As plant diversity and biomass can impact stability indirectly and directly, it is likely that nutrients and herbivores also jointly impact grassland stability. For instance, nutrients or herbivores can indirectly impact gamma stability by regulating species richness at the local and larger spatial scales (alpha and beta diversity, respectively) (Hautier et al. 2015; Zhang et al. 2019; Liang et al. 2020). Although less often tested, nutrients or herbivores can also impact alpha and gamma stability through community evenness (Grman et al. 2010; Liang et al. 2020) and community dissimilarity across time and space (Koerner et al. 2016; Zhang et al. 2019). Our understanding of plant diversity (including alpha and beta diversity, evenness, community dissimilarity across time and space) on stability are limited because different studies usually focus on different plant diversity metrics (Grime 1998; Tilman et al. 2006; Polleyet al. 2007; Grman et al. 2010; Hautier et al.2015; Koerner et al. 2016). Therefore, it remains unclear which plant diversity metrics are the major factors mediating the effects of nutrient and herbivores on alpha and gamma stability. Assessing the relative contribution of different facets of plant diversity to alpha and gamma stability can deepen our understanding of the underlying mechanisms for stability across spatial scales and help prioritize conservation efforts.
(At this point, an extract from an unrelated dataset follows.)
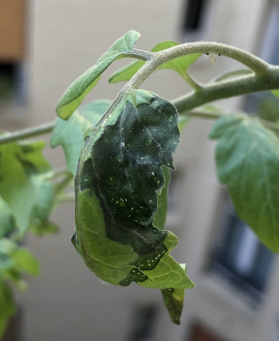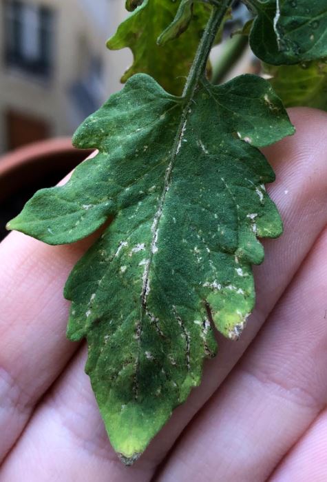 J’ai cru voir comme des petits vers sur les feuilles ce soir. Certaines virent au vert foncé, strié de petits traits blancs

Here, we used a globally coordinated grassland experiment, Nutrient Network (NutNet) (Borer et al. 2014a) to assess (1) the joint effects of nutrient addition and herbivore exclusion on the temporal stability of aboveground biomass at the local and larger spatial scales (i.e. alpha and gamma stability); (2) the relative contribution of different facets of plant diversity in mediating the responses of alpha and gamma stability to nutrients and herbivores. We hypothesized that (1) nutrient addition decreases alpha and gamma stability, while herbivore exclusion worsens these decreases particularly at sites with high grazing intensity; (2) Nutrient addition decreases gamma stability via reducing alpha stability, which is regulated by all facets of plant diversity. Herbivore exclusion decreases gamma stability not only via alpha stability but also via spatial asynchrony, because herbivores often increase vegetation heterogeneity in the landscape (i.e. spatial community dissimilarity).